DATASET CONTENT:
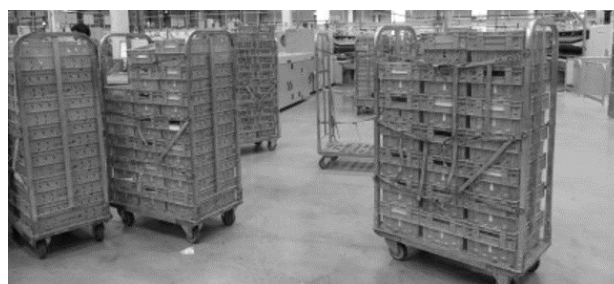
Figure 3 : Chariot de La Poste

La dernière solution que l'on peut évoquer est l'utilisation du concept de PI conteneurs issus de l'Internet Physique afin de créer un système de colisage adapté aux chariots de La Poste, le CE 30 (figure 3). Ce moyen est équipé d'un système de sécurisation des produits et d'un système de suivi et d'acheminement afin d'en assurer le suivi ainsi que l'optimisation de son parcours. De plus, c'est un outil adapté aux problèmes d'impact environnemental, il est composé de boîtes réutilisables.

---

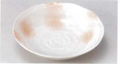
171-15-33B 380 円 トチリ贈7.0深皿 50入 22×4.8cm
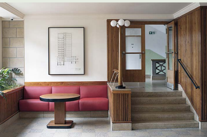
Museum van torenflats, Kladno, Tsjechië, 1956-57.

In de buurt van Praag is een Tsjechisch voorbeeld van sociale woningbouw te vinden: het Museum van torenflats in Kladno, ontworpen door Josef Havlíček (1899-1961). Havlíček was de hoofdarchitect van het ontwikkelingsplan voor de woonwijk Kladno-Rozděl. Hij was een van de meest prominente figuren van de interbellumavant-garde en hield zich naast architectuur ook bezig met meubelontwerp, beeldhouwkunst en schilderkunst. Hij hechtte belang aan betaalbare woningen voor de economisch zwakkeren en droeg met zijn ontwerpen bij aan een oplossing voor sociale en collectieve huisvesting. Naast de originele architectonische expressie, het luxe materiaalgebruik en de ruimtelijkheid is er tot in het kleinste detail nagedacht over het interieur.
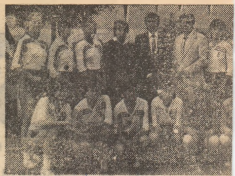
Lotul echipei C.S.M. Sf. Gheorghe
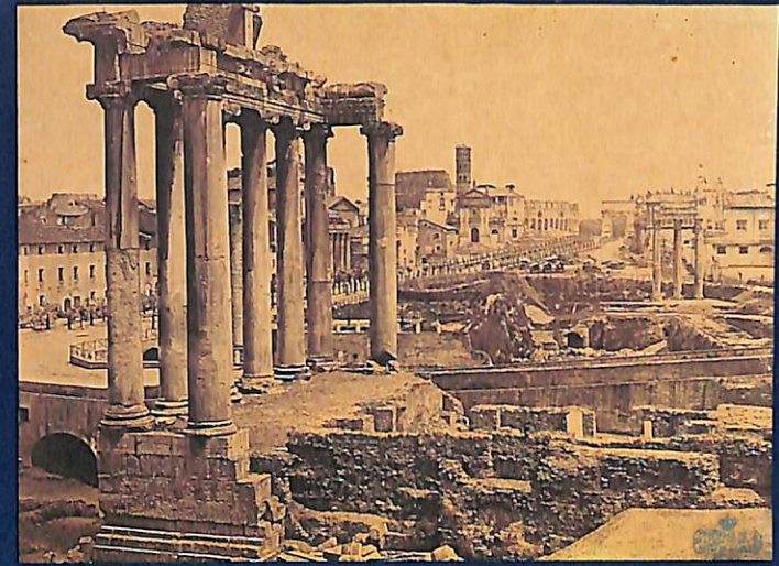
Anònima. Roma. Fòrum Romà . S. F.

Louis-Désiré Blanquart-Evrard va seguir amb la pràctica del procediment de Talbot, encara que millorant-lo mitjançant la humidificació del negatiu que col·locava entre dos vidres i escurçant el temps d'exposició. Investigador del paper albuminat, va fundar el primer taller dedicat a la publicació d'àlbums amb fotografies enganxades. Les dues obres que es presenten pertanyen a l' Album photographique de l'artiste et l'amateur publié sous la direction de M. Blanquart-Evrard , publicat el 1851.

---

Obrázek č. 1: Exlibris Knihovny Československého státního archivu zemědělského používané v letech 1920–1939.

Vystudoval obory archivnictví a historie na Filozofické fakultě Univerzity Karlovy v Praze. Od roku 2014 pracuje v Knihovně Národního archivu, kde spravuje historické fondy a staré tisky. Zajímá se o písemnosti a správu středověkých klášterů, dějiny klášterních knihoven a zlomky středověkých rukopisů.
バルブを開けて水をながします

TASK STATEMENT: Starting with the line that holds "Figure 3 : Chariot de La Poste" and ending with the line that holds "La dernière solution", retype every line in the data above exactly, and nothing else.

RESPONSE TO THIS TASK:
Figure 3 : Chariot de La Poste

La dernière solution que l'on peut évoquer est l'utilisation du concept de PI conteneurs issus de l'Internet Physique afin de créer un système de colisage adapté aux chariots de La Poste, le CE 30 (figure 3). Ce moyen est équipé d'un système de sécurisation des produits et d'un système de suivi et d'acheminement afin d'en assurer le suivi ainsi que l'optimisation de son parcours. De plus, c'est un outil adapté aux problèmes d'impact environnemental, il est composé de boîtes réutilisables.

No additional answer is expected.